== Stored data ==
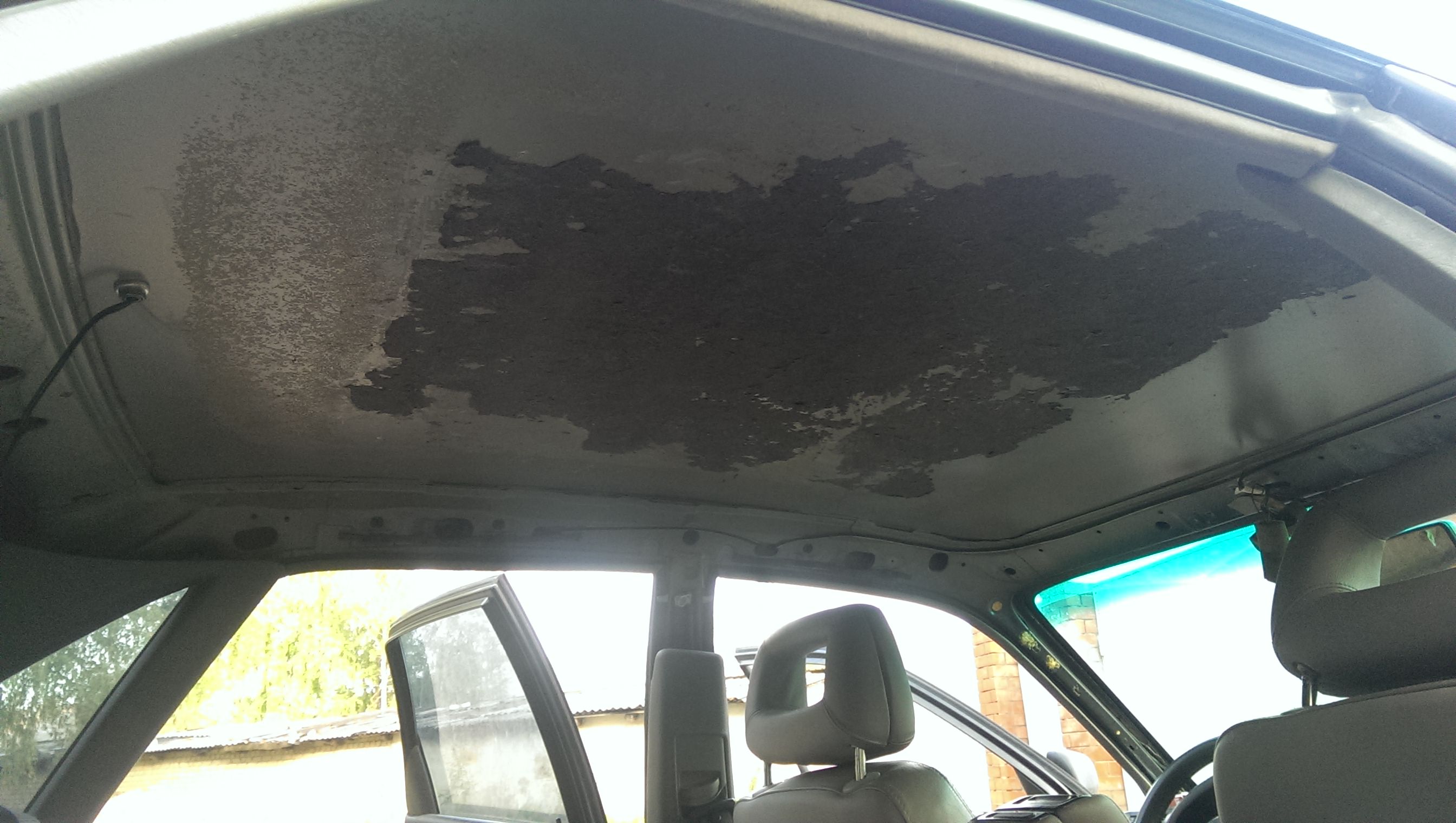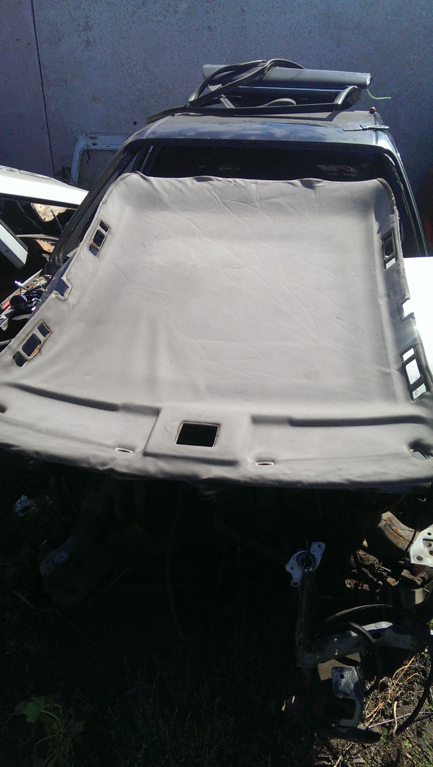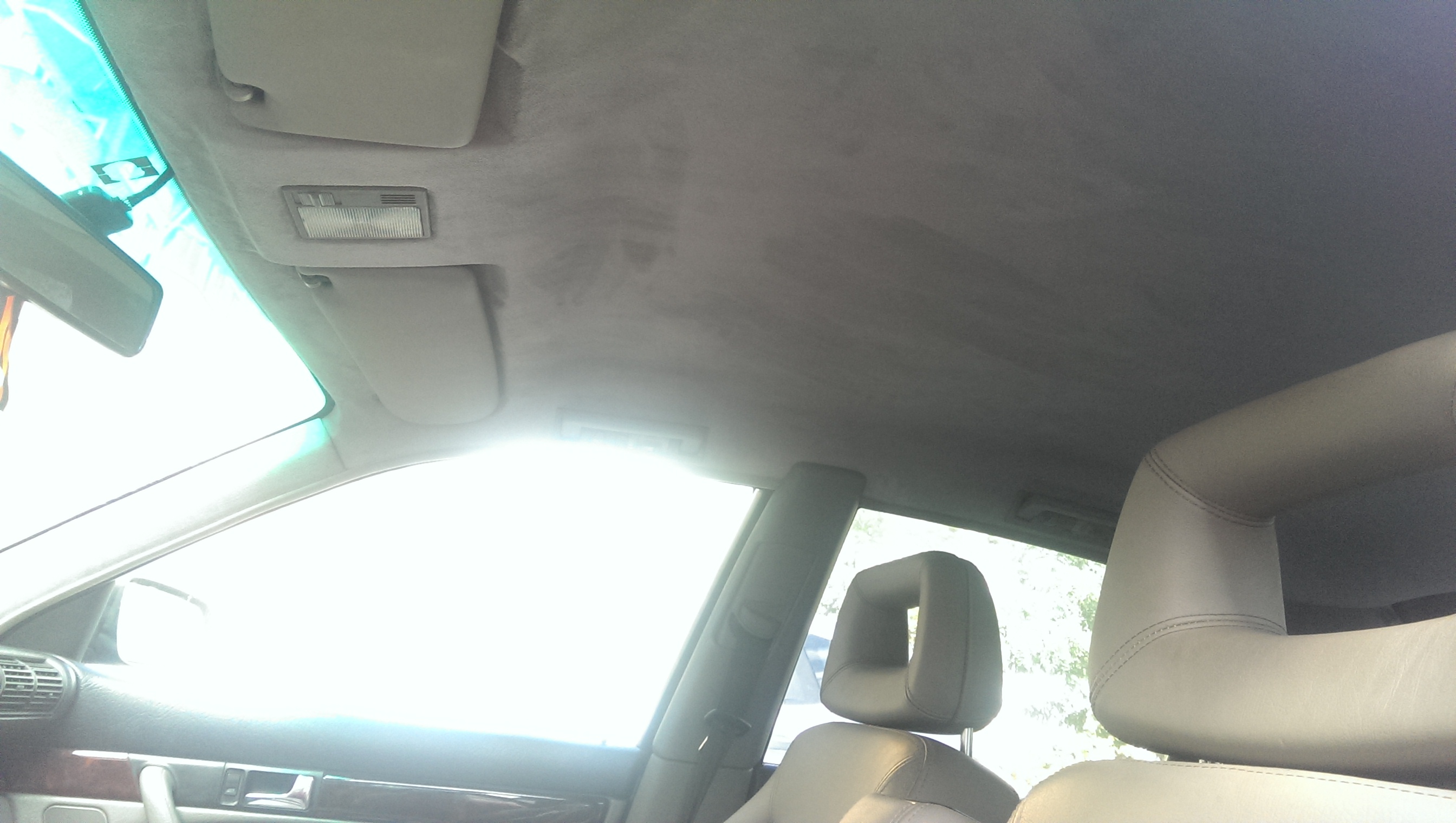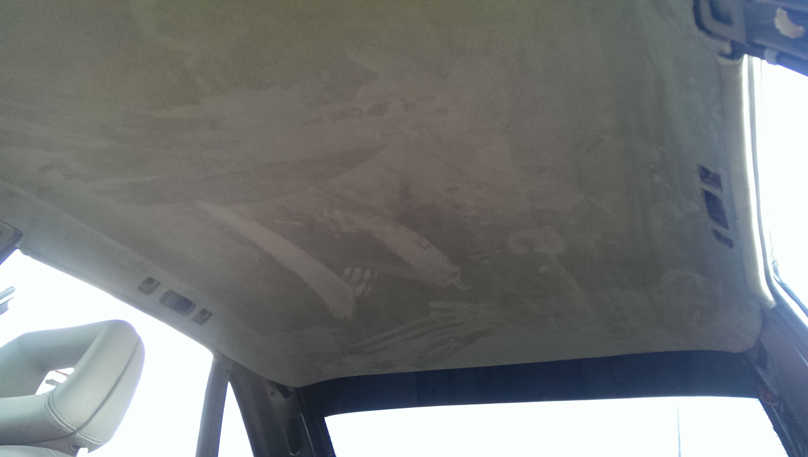 Обновил потолок, точнее обшивку потолка. На прошлой сходке пока многие катались на картингах,от нечего делать -потер потолок пеной для чистки салона. Результат дал о себе знать, хотя его уже чистил, но видно химия бывает разной. Со времянем он все обвисал, и это напрягало! Посмотрев как Саня RVSN перетянул потолок , решил выбрать алькантару. Но не тут то было, родной потолок не хотел отклеиваться(грел феном, брызгал растворителем) и был попросту порван! Снял на разборке с донора , за что отдельное спасибо Пашке AUDI_90. Повезло , что на доноре клей уже был сухой.
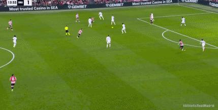 第38分鐘,維尼修斯單刀打門,烏奈-西蒙將球撲出
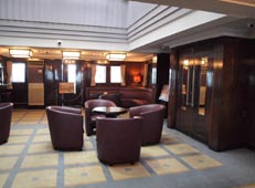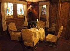 2. 帆船のグラス・アートはこの一等喫煙室の隅っこ(画像左隅)に施されている。この喫煙室は改装が少ないので竣工当時の
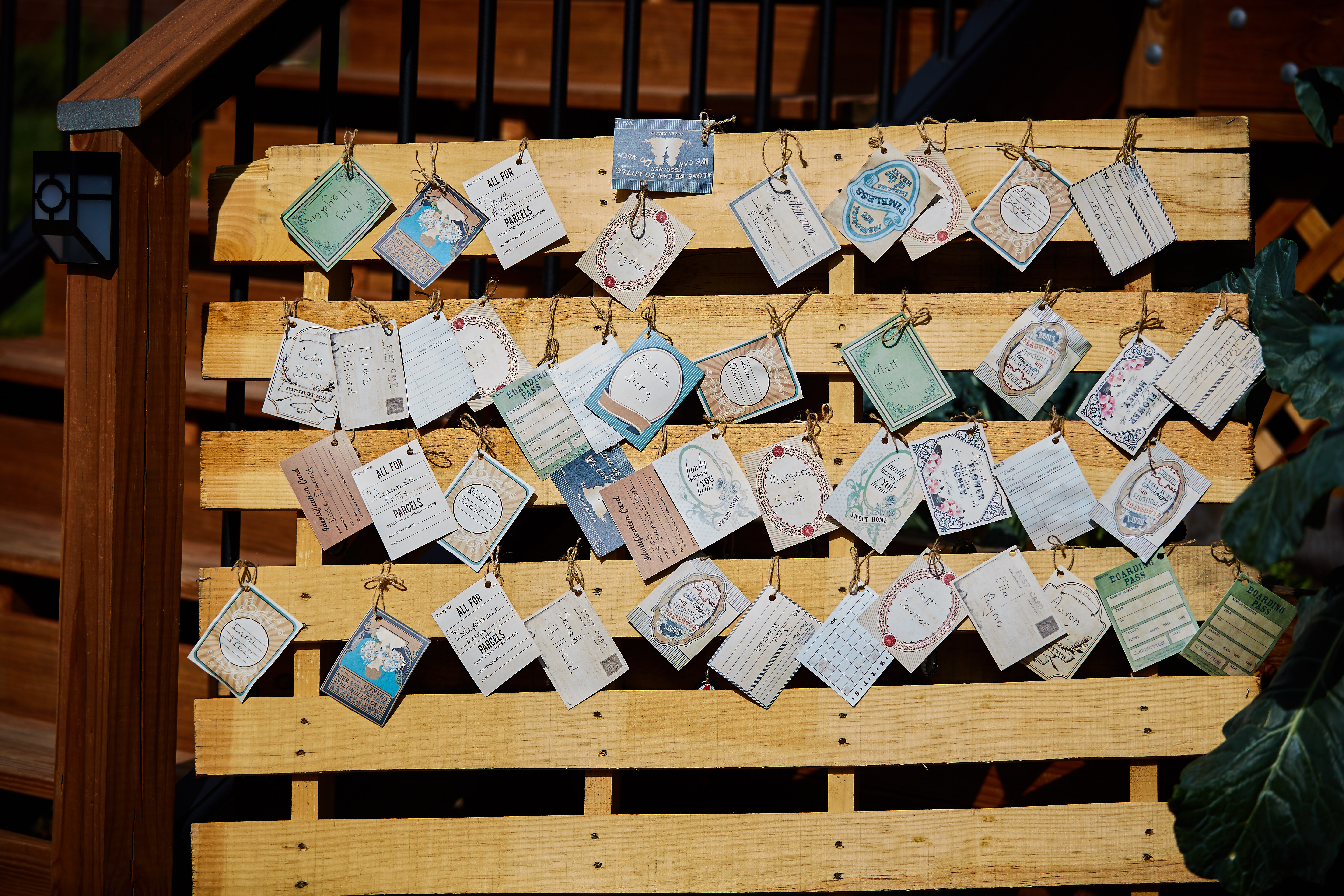 In total, I spent $318 on decorations including: mums, paint for the homemade signs, water pitchers for the tables, a large glass pitcher for water, a small water dispenser for our beer station, lights to string up, name tags for seating assignments, favors (envelopes full of wild flowers) cloth for the table settings (my mom sewed all of the table runners and bought the table clothes for me, so that was awesome and an expense she took care of) and a love grows here sign for our garden. An old pallet acted as the perfect seating chart holder!
===
-- What to produce --
Set the listing above down again exactly, leaving pictures out.

-- Solution to this problem --
 Обновил потолок, точнее обшивку потолка. На прошлой сходке пока многие катались на картингах,от нечего делать -потер потолок пеной для чистки салона. Результат дал о себе знать, хотя его уже чистил, но видно химия бывает разной. Со времянем он все обвисал, и это напрягало! Посмотрев как Саня RVSN перетянул потолок , решил выбрать алькантару. Но не тут то было, родной потолок не хотел отклеиваться(грел феном, брызгал растворителем) и был попросту порван! Снял на разборке с донора , за что отдельное спасибо Пашке AUDI_90. Повезло , что на доноре клей уже был сухой.
 第38分鐘,維尼修斯單刀打門,烏奈-西蒙將球撲出
 2. 帆船のグラス・アートはこの一等喫煙室の隅っこ(画像左隅)に施されている。この喫煙室は改装が少ないので竣工当時の
 In total, I spent $318 on decorations including: mums, paint for the homemade signs, water pitchers for the tables, a large glass pitcher for water, a small water dispenser for our beer station, lights to string up, name tags for seating assignments, favors (envelopes full of wild flowers) cloth for the table settings (my mom sewed all of the table runners and bought the table clothes for me, so that was awesome and an expense she took care of) and a love grows here sign for our garden. An old pallet acted as the perfect seating chart holder!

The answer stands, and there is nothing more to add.